The proposed mode of action of AGXX® and the responses in Staphylococcus aureus. AGXX® is composed of silver (Ag⁺) and ruthenium (Ru^x), which are connected by two redox cycles and form an electric field, leading to electron transfer to molecular oxygen (O₂), with subsequent reactive oxygen species (ROS) generation, such as superoxide anion O₂•⁻, hydrogen peroxide (H₂O₂), and hydroxyl radicals (OH•). First, Ag⁰ is oxidized to Ag⁺, which is back-reduced to Ag⁰ possibly by electrons from cellular donors, such as the thioredoxin (Trx)/thioredoxin reductase (TrxR) system. Second, Ru^x+1 is reduced by electrons from Ag⁰, leading to formation of Ru^x, which is re-oxidized to Ru^x+1. ROS are generated in the AGXX® redox cycles upon oxidation of Ag⁰ and Ru^x. Furthermore, Ag⁺ ions and O₂•⁻ have been described to damage FeS clusters and release Fe²⁺, which potentiates OH• generation via the Fenton chemistry. In S. aureus, AGXX® induces antioxidant enzymes, such as catalases, peroxiredoxins, and superoxide dismutases for detoxification of ROS (Loi et al., 2018). AGXX® leads to thiol-oxidation of the HypR repressor, resulting in upregulation of the HypR-controlled flavin disulfide reductase MerA, which probably detoxifies OH•. In addition, AGXX® exposure resulted in increased protein S-bacillithiolation of GapDH and an oxidative shift of the BSH redox potential, supporting an impaired thiol-redox homeostasis. GapDH-SSB can be de-bacillithiolated in the Brx/BSH/YpdA redox pathway to regenerate GapDH. Consequently, BSH and MerA were shown to protect S. aureus against AGXX® toxicity (Loi et al., 2018).
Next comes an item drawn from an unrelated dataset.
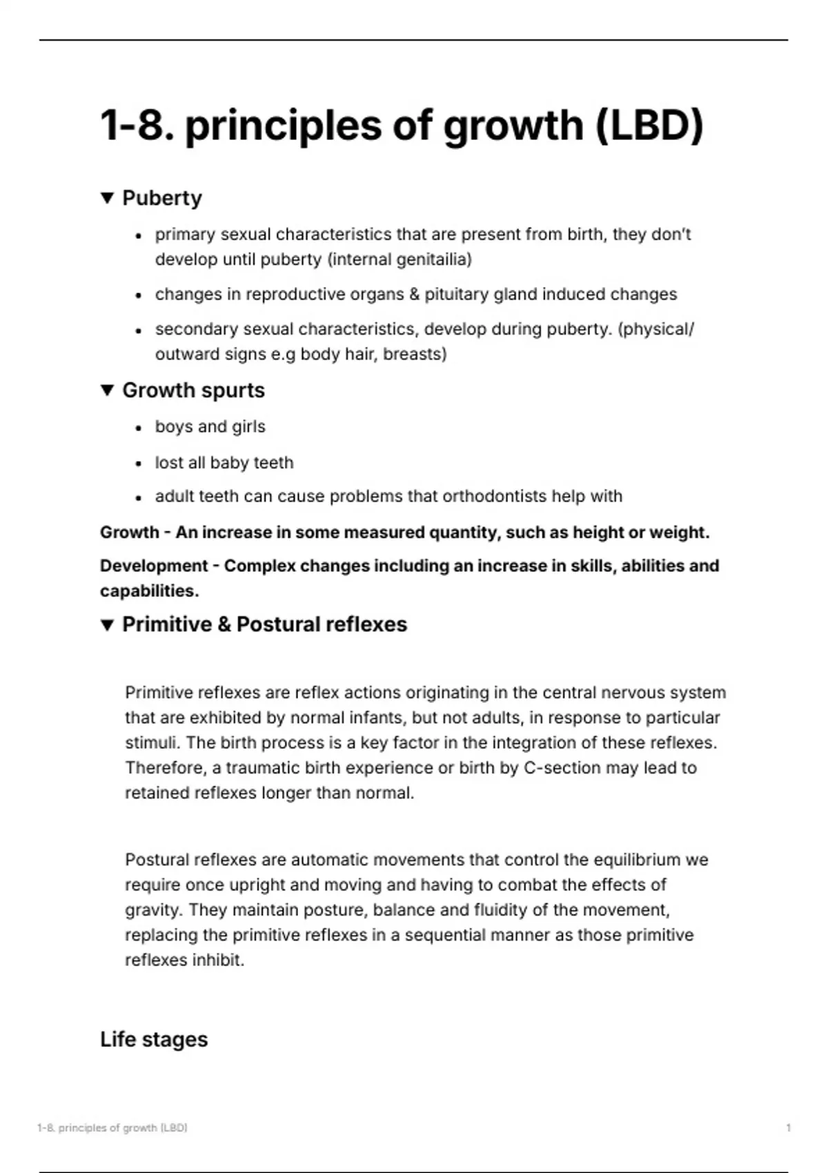 stimuli. The birth process is a key factor in the integration of these reflexes.
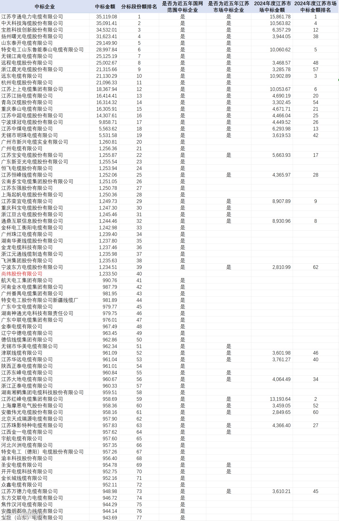 本项目77家中标企业有76家为近五年国网范围相同物资中标企业,同时39家为近五年江苏市场相同物资中标企业,但其中48家企业2024年度没有在江苏市场相同物资中标。

In addition, AGXX® causes oxidative protein unfolding and protein aggregates, which are degraded by the Clp protease complex. The figure is modified from (Guridi et al., 2015) including previous results from (Loi et al., 2018).

Figure 2

The charges AGXX®373 (A) and AGXX®383 (B) cause different antimicrobial effects in S. aureus USA300JE2. Survival assays of S. aureus USA300JE2 cells were performed at an OD₅₀₀ of 0.5 after exposure to 10–40 μg/ml AGXX®373 (A) or 40–100 μg/ml AGXX® 383 (B). Serial dilutions of the cultures were spotted after 1–6 h of AGXX® exposure onto Luria Bertani (LB) agar plates to observe colony forming units (CFUs) after 24 h incubation. The presented results are representatives of three biological replicates. The results indicate that AGXX®373 particles have a stronger killing effect compared to AGXX®383 particles in S. aureus.

Figure 3

Survival assays indicate 2-3-fold increased killing efficiencies of smaller AGXX®373 versus larger AGXX®383 particles in S. aureus. S. aureus USA300JE2 was exposed to 10–40 μg/ml AGXX®373 particles (A,B) and 50–100 μg/ml AGXX®383 particles (C,D) at an OD₅₀₀ of 0.5. After 1–24 h of AGXX® treatment, CFUs were determined from serial dilutions plated overnight on LB agar plates. The survival ratios of the CFUs after AGXX® stress were calculated relative to the untreated control (co), which was set to 100%. Mean values of 3–5 biological replicates are presented, and error bars represent the SD. For statistical analyses of the killing effect, the 100% survival of the untreated control (co) was compared to 10, 20, 30, and 40 μg/ml AGXX®373 (A) or 50, 60, 80, and 100 μg/ml AGXX®383 (C), respectively, and the calculations were performed using a Student’s unpaired two-tailed t-test by the graph prism software. Symbols are ns > 0.05, ^**p ≤ 0.01, and ^***p ≤ 0.001.